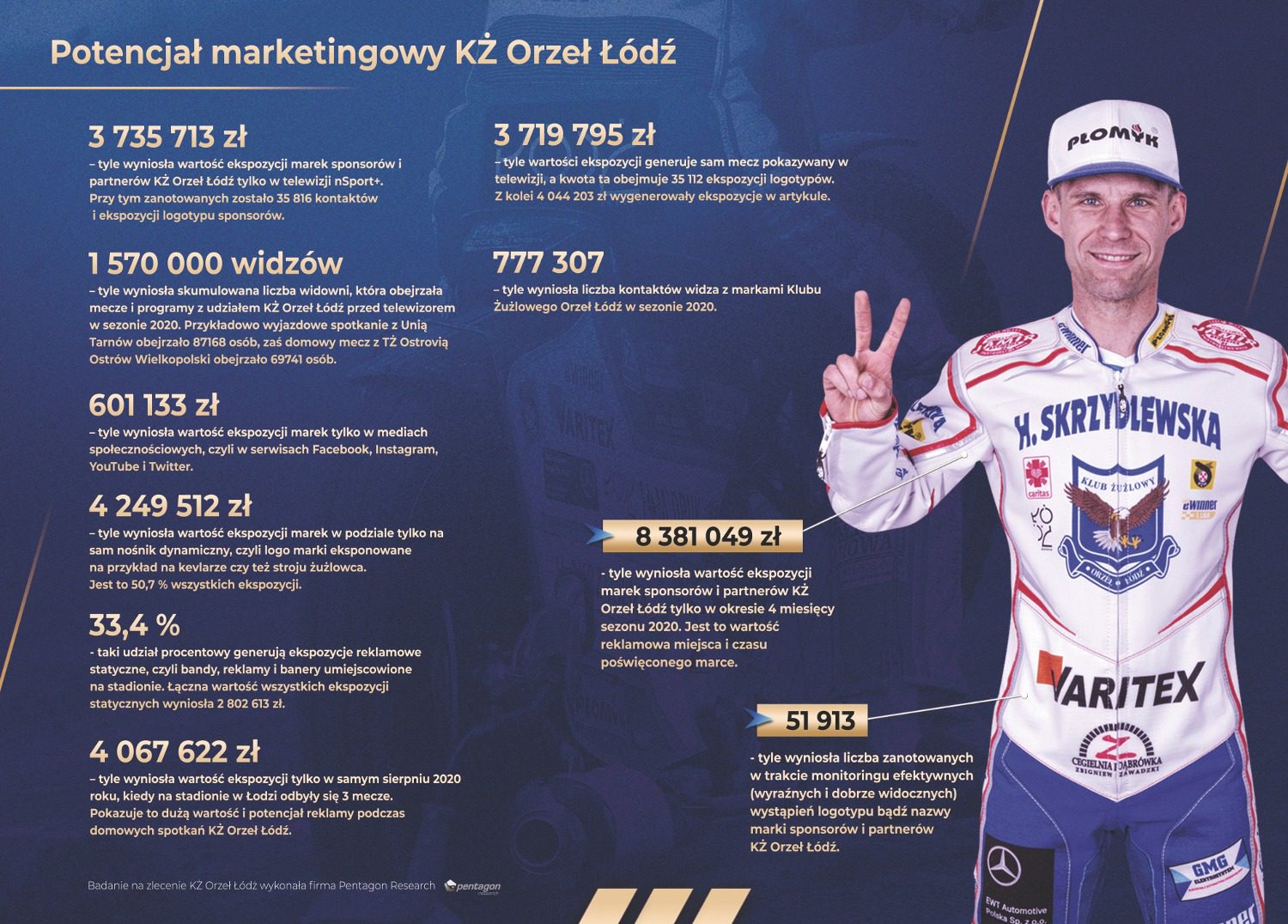 Badanie na zlecenie KŻ Orzeł Łódź wykonała firma Pentagon Research specjalizująca się w badaniach z zakresu marketingu sportowego oraz efektywności sponsoringu sportu. Okres analizy to cztery miesiące trwania sezonu eWinner 1. Ligi w 2020 roku. W trakcie rozgrywek eWinner 1. Ligi klub uzyskał 8,4 mln zł wartości mediowej dla sponsorów i partnerów współpracujących z Klubem oraz marek własnych. Na kwotę tę składa się aż 52 tys. ekspozycji.
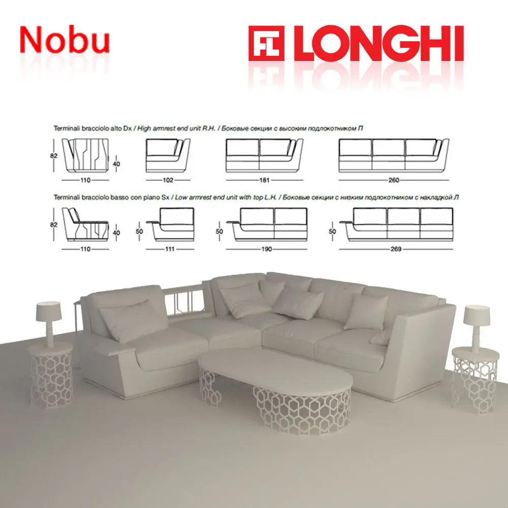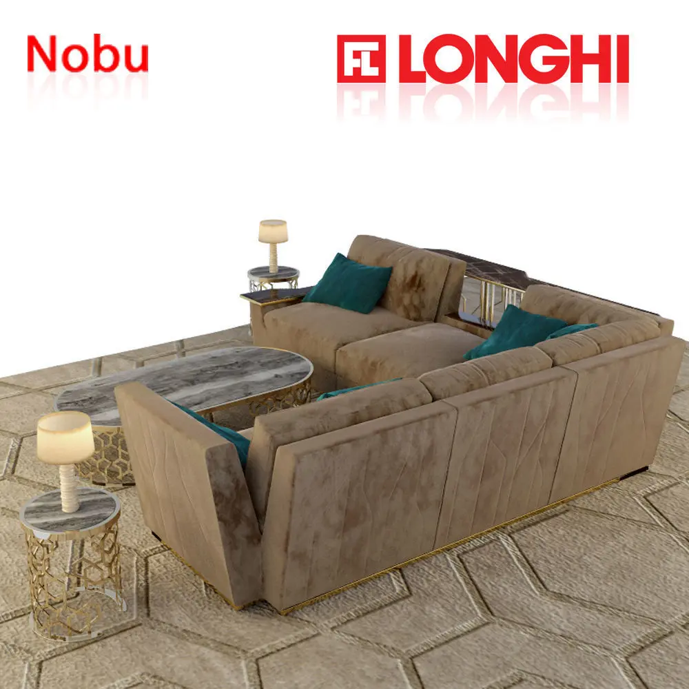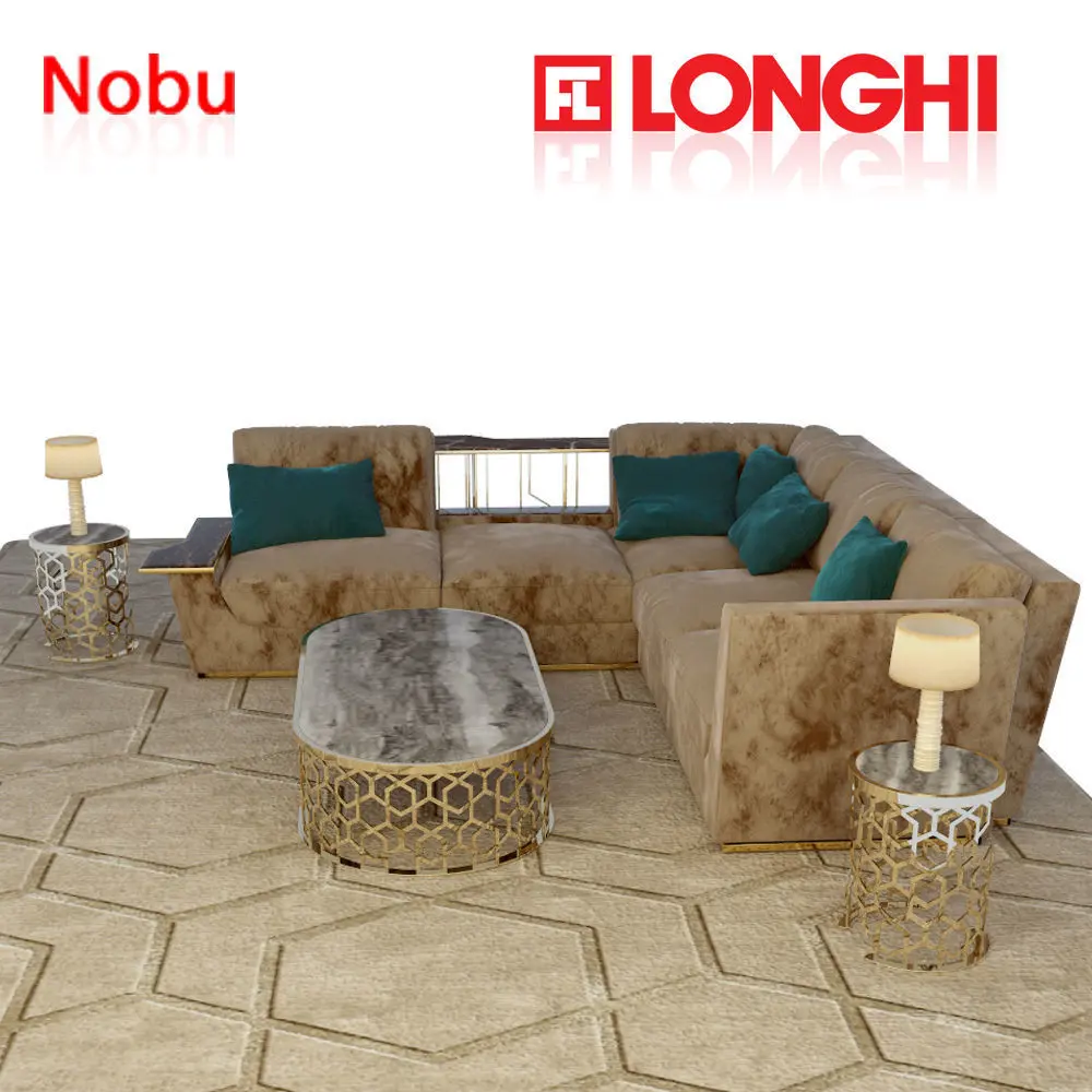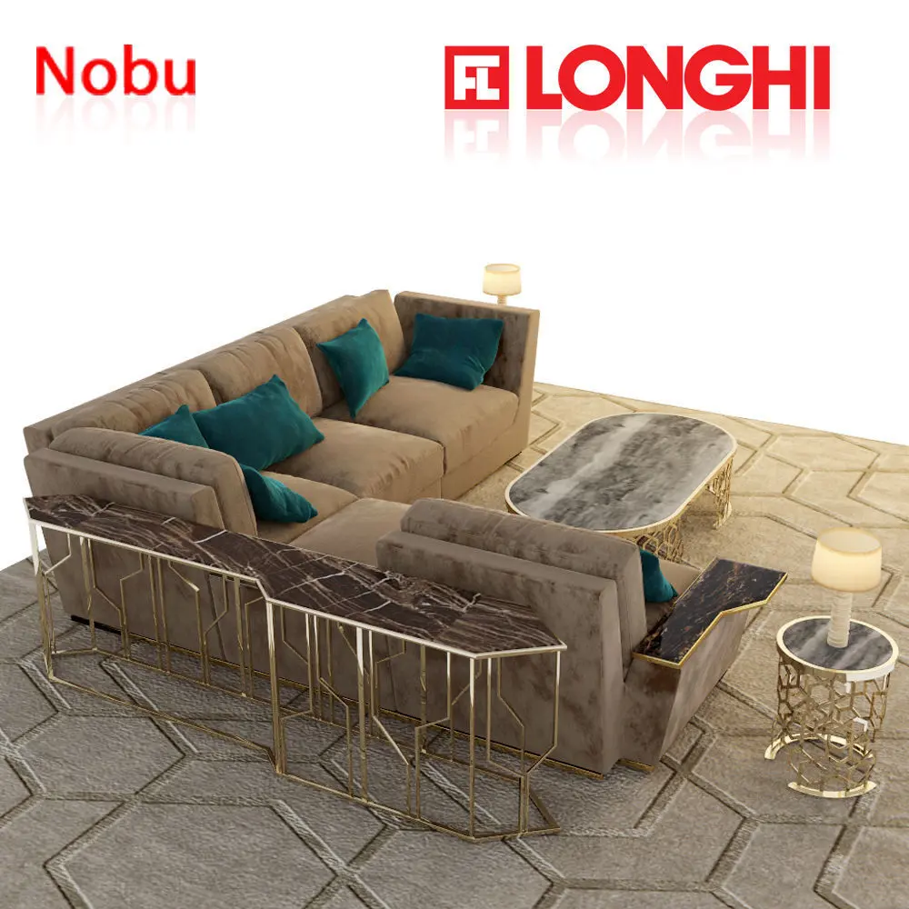 High quality longhi nobu sofa with center table, side table, console table and rug Wooden structure with elastic straps, covered in polyurethane foam with high density of different densities. Seat cushions in sterilized goose down with insert in polyurethane foam of different densities with reinforcement Visco Soft. Back cushions in sterilized goose down with insert in soft polyurethane foam share. The outer covering of the structure is quilted. Wood base coated in the same coating material. Finishing ring of metal base available in glossy light gold, polished chrome, polished chrome black or matt satin bronze. Down armrest Floor: Frappuccino marble, marble Calacatta Gold, pink mirror, blue, bronze and smoky. the complete longhi furniture set models with textures and fbx is attachedhope you will like itthanx.
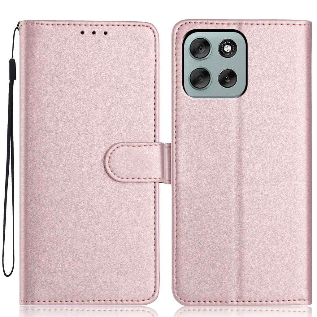 For Motorola Moto G56 5G Wallet Case with Strap/Multiple Card Slots Solid Color Leather Stand Phone Cover
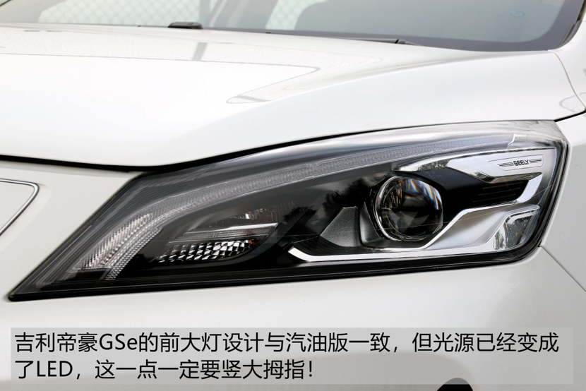 吉利帝豪GSe的大灯设计与汽油版GS完全相同,包括内部灯杯的造型也完全一致。但不要伤心,电动版GSe大灯已经升级成LED光源了,这一点还是非常厚道的!其实这么设计也是可以理解的,毕竟在能耗上LED要比氙灯更加节省电量,而且LED的稳定性更强,点亮速度也更快。所以目前主流电动车基本上都使用的是LED大灯。
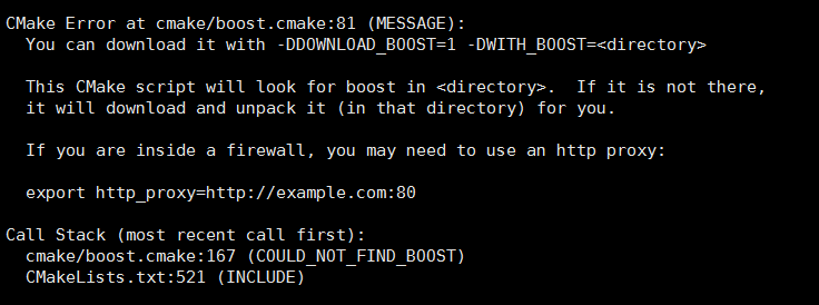 但执行完这个之后会报下面的错,是因为从5.7版本开始就要安装包安装cmake3/usr/local/cmake/bin/cmake . -DWITH_BOOST=/data/mysql/mysql-5.7.17/boost/boost_1_59_0了,yum行不通了
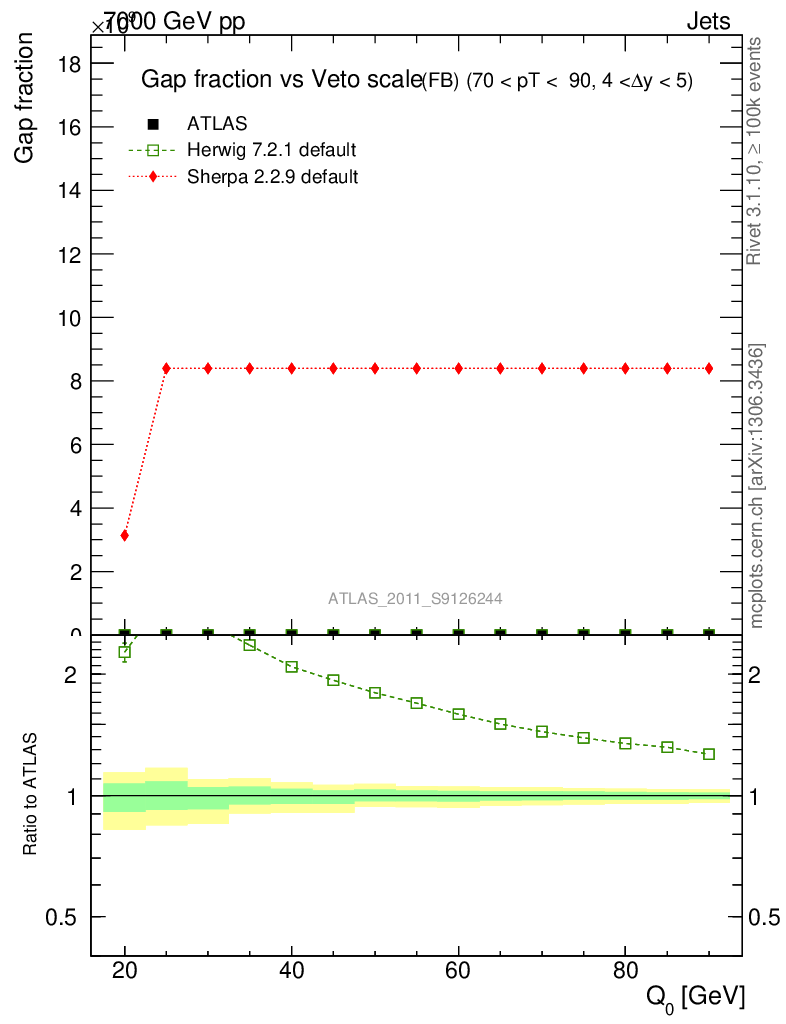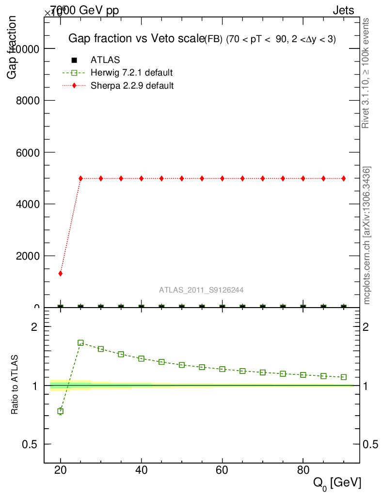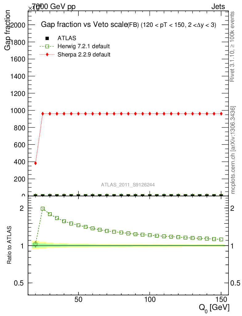 Jets : Jets + Veto : Gap frac. vs Veto scale (FB)
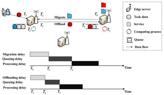 - Parallel service migration process and task offloading process: the total transmission delay is .
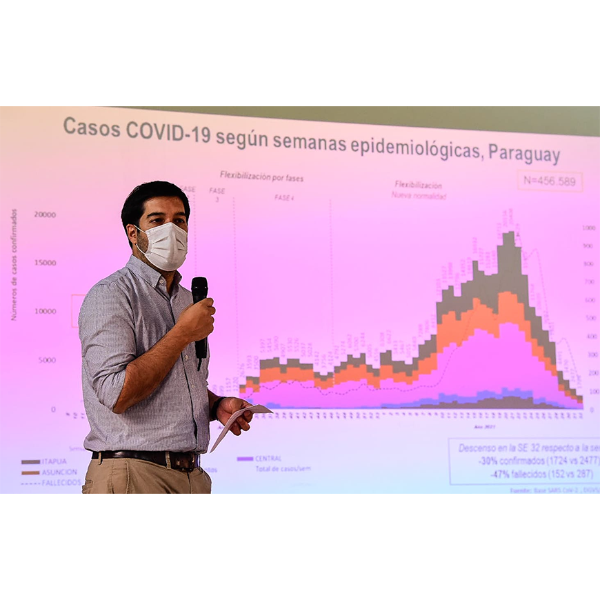 El nivel de transmisibilidad de la epidemia (Rt) actualmente se encuentra por debajo de 1. Este indicador marca que el ritmo de la epidemia está decreciendo, declaró el titular de Vigilancia de la Salud, Guillermo Sequera al dar a conocer sobre la situación epidemiológica de COVID-19 en el país. Este y otros datos se encuentran disponibles en la página web de Vigilancia de la Salud en www.dvgvs.mspbs.gov.py

About this task
Return the material above exactly; the images stay out.

Solution for this problem
 Badanie na zlecenie KŻ Orzeł Łódź wykonała firma Pentagon Research specjalizująca się w badaniach z zakresu marketingu sportowego oraz efektywności sponsoringu sportu. Okres analizy to cztery miesiące trwania sezonu eWinner 1. Ligi w 2020 roku. W trakcie rozgrywek eWinner 1. Ligi klub uzyskał 8,4 mln zł wartości mediowej dla sponsorów i partnerów współpracujących z Klubem oraz marek własnych. Na kwotę tę składa się aż 52 tys. ekspozycji.
 High quality longhi nobu sofa with center table, side table, console table and rug Wooden structure with elastic straps, covered in polyurethane foam with high density of different densities. Seat cushions in sterilized goose down with insert in polyurethane foam of different densities with reinforcement Visco Soft. Back cushions in sterilized goose down with insert in soft polyurethane foam share. The outer covering of the structure is quilted. Wood base coated in the same coating material. Finishing ring of metal base available in glossy light gold, polished chrome, polished chrome black or matt satin bronze. Down armrest Floor: Frappuccino marble, marble Calacatta Gold, pink mirror, blue, bronze and smoky. the complete longhi furniture set models with textures and fbx is attachedhope you will like itthanx.
 For Motorola Moto G56 5G Wallet Case with Strap/Multiple Card Slots Solid Color Leather Stand Phone Cover
 吉利帝豪GSe的大灯设计与汽油版GS完全相同,包括内部灯杯的造型也完全一致。但不要伤心,电动版GSe大灯已经升级成LED光源了,这一点还是非常厚道的!其实这么设计也是可以理解的,毕竟在能耗上LED要比氙灯更加节省电量,而且LED的稳定性更强,点亮速度也更快。所以目前主流电动车基本上都使用的是LED大灯。
 但执行完这个之后会报下面的错,是因为从5.7版本开始就要安装包安装cmake3/usr/local/cmake/bin/cmake . -DWITH_BOOST=/data/mysql/mysql-5.7.17/boost/boost_1_59_0了,yum行不通了
 Jets : Jets + Veto : Gap frac. vs Veto scale (FB)
 - Parallel service migration process and task offloading process: the total transmission delay is .
 El nivel de transmisibilidad de la epidemia (Rt) actualmente se encuentra por debajo de 1. Este indicador marca que el ritmo de la epidemia está decreciendo, declaró el titular de Vigilancia de la Salud, Guillermo Sequera al dar a conocer sobre la situación epidemiológica de COVID-19 en el país. Este y otros datos se encuentran disponibles en la página web de Vigilancia de la Salud en www.dvgvs.mspbs.gov.py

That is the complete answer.